As I was about to get annoyed by the 40th or so sneeze for the day, I stopped myself. And I thought of the refugees that are out there suffering. And so I said Alhamdullilah again for 42nd time today. And it made me think, It’s so easy to forget the countless blessings we have been given.

While we are here in our comfortable beds, there are millions of people over the world that are hungry, homeless, drug effected, that are in physical and emotional pain that we have been lucky enough not to experience. There are currently people out there that have fled their homes and are on overcrowded boats trying to get to safety. The things we take for granted.

There are people out there that are jobless and would do anything for $5, for clean drinking water, for a good nutritious meal. Yet here we are wasting water, complaining about our jobs and that our food is too cold or doesn’t have enough salt. The list goes on.

Complaining that our phones aren’t working properly or isn’t doing what we thought it would do. Put your first world problems aside once and for all and help out someone in need. When a situation breaks out, you often see Christians standing up for their people, Muslims standing up for their own people, Blacks standing up for themselves, etc. (Not every case obviously) What happened to humanity? We may come from different places, have different beliefs, ideas, feelings. That’s what makes us unique individuals. But we all have the same color blood and heart, shouldn’t that be enough? We are all humans, yet some animals have more compassion than us. Where is the love? ūüé∂

P.s. I’m not actually counting my sneezes..


Refusal of oppression

I must admit, in the first week or so I had doubts as to whether I made the right decision or not. I knew I did deep down, but something was trying to make me to feel otherwise. I thought it would take longer for me to get used to it (even though I wore it when I was younger), but it didn’t. Hamdullah, I never thought I’d find peace in wearing the hijab. People look at you as though you are oppressed. If only they knew opression is falling for the lies and being slaves to society’s standards. Dressing modestly is not opression, dressing half naked is. Not being able to walk out of the house without making sure that you’ll turn enough heads is oppression. Why? Because you have fallen into the traps of the media and the so called role models that don’t have self respect. The ones that have all their blemishes and ‘imperfections’ removed by photoshop by the very people making money off the half naked women. And unfortunately people fall for this and aim to be like that when it’s not even real, it’s make believe (but that’s another story).
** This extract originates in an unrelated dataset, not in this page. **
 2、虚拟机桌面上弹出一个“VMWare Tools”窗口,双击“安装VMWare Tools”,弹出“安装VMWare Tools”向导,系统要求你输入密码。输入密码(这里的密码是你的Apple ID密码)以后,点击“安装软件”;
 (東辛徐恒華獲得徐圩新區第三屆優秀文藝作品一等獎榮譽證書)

So, here’s my message to society. Screw you and your ‘beauty’ standards. With this hijab, I refuse to be judged by my physical appearance. I refuse to share my body with the rest of the world. I refuse to be oppressed. I demand respect. I demand to be spoken to with sincerity. I demand that my level of worth is not based on outter beauty but by intelligence, loyalty, and integrity.
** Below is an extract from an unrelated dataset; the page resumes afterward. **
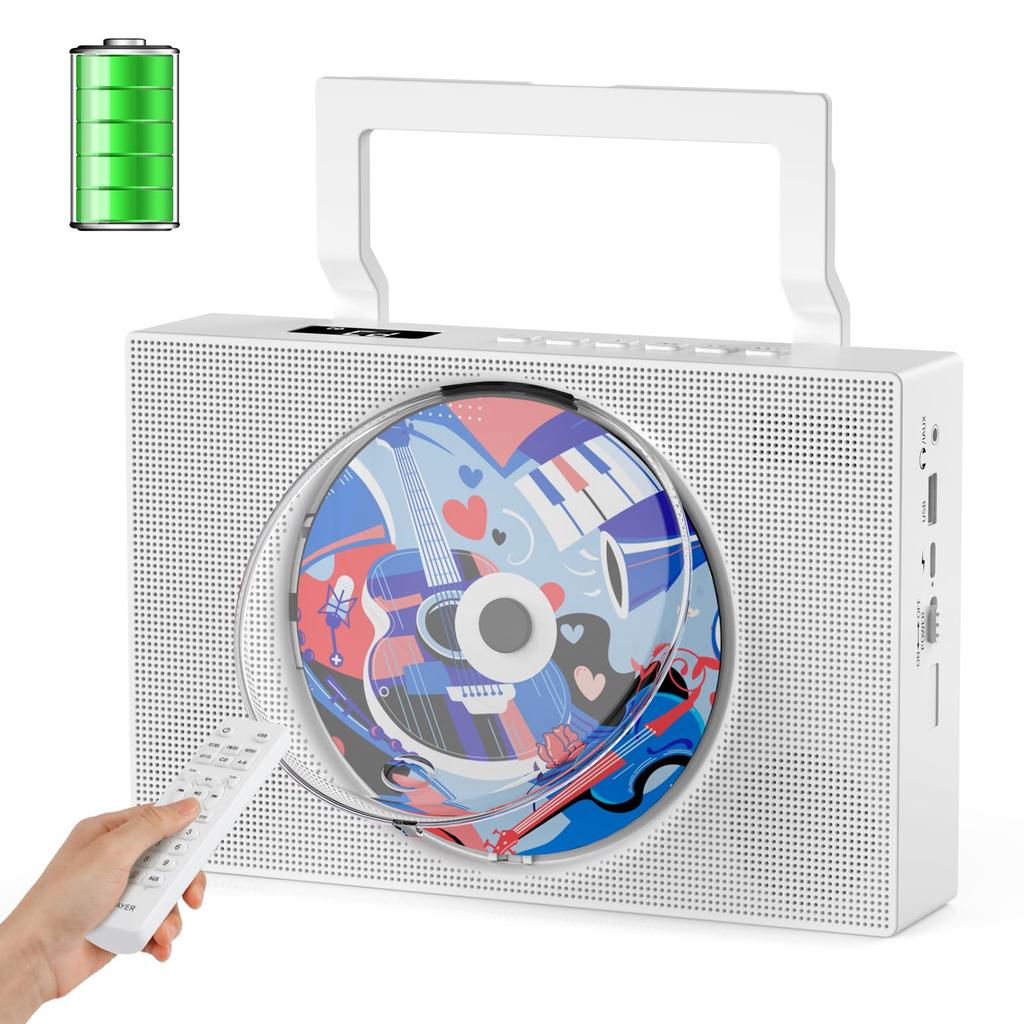 Gueray Portable CD Player, Tabletop, Bluetooth Compatible, Rechargeable, Built-in Speaker, USB PlaybackAUX Input, Widescreen FM Radio, CD Boombox,

I think I speak of behalf of all sisters when I say that for me, the scarf on my head means that I am out of bounds, meaning that a male should not look at me and think that I can be taken advantage of or that I am ‘up for grabs’. It should match your clothing, making a statement of unavailability to the mans eye and mind.
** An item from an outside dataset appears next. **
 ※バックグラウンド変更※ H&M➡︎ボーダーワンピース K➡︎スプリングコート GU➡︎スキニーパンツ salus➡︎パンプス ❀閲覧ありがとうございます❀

Sisters, take pride in your hijab. The first way to do that is to make sure your clothes complete/compliment what’s on your head. In shaa Allah, we can dress as modestly as possible. The second thing is to have remembrance of Allah. I say this because if I hadn’t kept on listening to lectures, particularly about hijab then I wouldn’t be in the state of peace that I am right now. I would be very confused as to why I put it on and kept on having doubts, because that is the trick of shaytaan. Just remember that imaan rises and falls, but remembrance is key. Assalamu Alaykum.

Two weeks in..

Yeah I’ve had a few weird looks. People do a double take ‘is that her?’ ‘She covered her head?’ ‘Wow she looks different’ ‘I wonder why, lets not ask and just awkwardly look instead…’ At work, at Uni, wherever it may be. At times I do feel people glancing at me and it gets uncomfortable, but its funny how most of the time I feel more confident. I don’t think I’m better than people or better than the sister that doesn’t cover, cause that was me 15 days ago.  Not cocky, but confident. Confident in the person that I am, confident at the fact that I’m being acknowledged for who I am rather than my ‘beauty’. Yeah people may argue that we aren’t defined by our physical beauty, but unfortunately we are. I hate to admit it, it is sad but it’s reality.

It feels good to be accepted and heard and I don’t need to flaunt my stuff for that. I thought I did, I used to love showing off what I had, but SubhanAllah as you get closer to Allah swt it annoys you that people look at you in that kind of way. Yes, it used to feel flattering that someone was ‘checking you out’ but as your deen strengthened, there was nothing liberating about it at all, in fact it felt quite derogatory.

Alhamdullilah, it’s been 2 weeks and I couldn’t be happier that I didn’t delay this any further.